With both unisons and octaves, there are no major, minor, diminished, or augmented variations. The only unison for an A is another A that is 0 half-steps above. The only octave for an A is the A exactly 12 half-steps above.

Discussion


Octaves and unisons play an important role in music. When we want to "thicken" or emphasize musical ideas, we can double the important parts using unisons (this can be done by simply recording the same ideas more than once, or by having a fellow musician play the same part on their instrument).

A similar effect can be had using octaves. Adding a part that is an octave higher can give the part more drama and brilliance. Adding a part that is an octave lower can add power and depth.

Summary


So here's a round-up of all the "harmonic" or "musical" intervals we've learned about and their corresponding half-step "raw" intervals:

Interval       : half-steps
---------------------------
unison         :  0
minor 2nd      :  1
major 2nd      :  2
minor 3rd      :  3
major 3rd      :  4
perfect 4th    :  5
augmented 4th  :  6
diminished 5th :  6
perfect 5th    :  7
minor 6th      :  8
major 6th      :  9
minor 7th      : 10
major 7th      : 11
octave         : 12

Looking Ahead


Next week we are going to start dipping our toes into the water of "chords". If you're not clear on any of the intervals, go back through the past weeks and reread the lessons, and if you're still not getting it, drop me a line. Intervals are the fundamental building blocks for chords, so I want to make sure you're got them down before we go any further.

Reminder


If you have ANY questions or comments, please leave a comment here, on my Facebook page, or tweet at me (@chrisstarkgtr).

Thursday, August 11, 2016

Theory Thursday: Sevenths

Intervals: The Seventh


For the last several weeks we've been learning about a variety of intervals. Today, we're moving right along to the next interval, the seventh. While it might seem like this can go on forever, I've got some good news: next week will be the last lesson on new intervals, at least for a while.

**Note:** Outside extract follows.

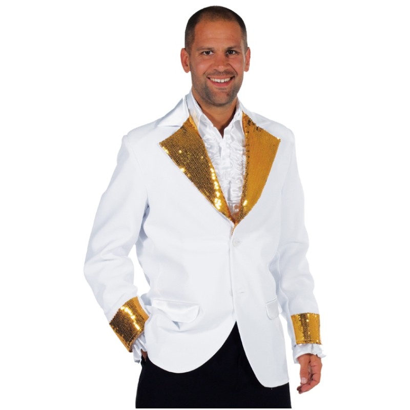 Déguisement veste blanche paillettes sequin or homme luxe : ce déguisement veste blanche paillettes sequin or (colbert) classe est en tissu et sequin qualité supérieure. Costume adulte pour cabaret, carnaval, show, music hall, fêtes déguisées, spectacle, réveillon du 31.

So from last week, we learned that sixths are the intervals created by skipping over 4 tones in the scale. This week, as you've probably guessed, we're going to talk about the interval relationship that happens if you skip 5 scale tones. Using the A minor scale, here's a look at the seventh (7th) intervals:

A -> G
B -> A
C -> B
D -> C
E -> D
F -> E
G -> F

I'm betting you already guessed these, right? Sevenths are really just the next increment in the pattern we've been exploring for the last several weeks, and again the only thing new here is that the interval is getting bigger. So to build a seventh, if we start on A, we simply leap-frog over the B, C, D, E and F to get to G. As you've guessed, for the rest of the tones in the scale, it's the same pattern of skipping over 5 tones to get to the seventh.

Counting the Half-Steps


Let's now take another look back at our pattern of whole and half steps that make up our A minor scale (I included the scale on top and the interval between each tone below...):

A B C D E F G A B C D E F G A ... etc
 W H W W H W W W H W W H W W  ... etc

Again, remember, every W is 2 half-steps.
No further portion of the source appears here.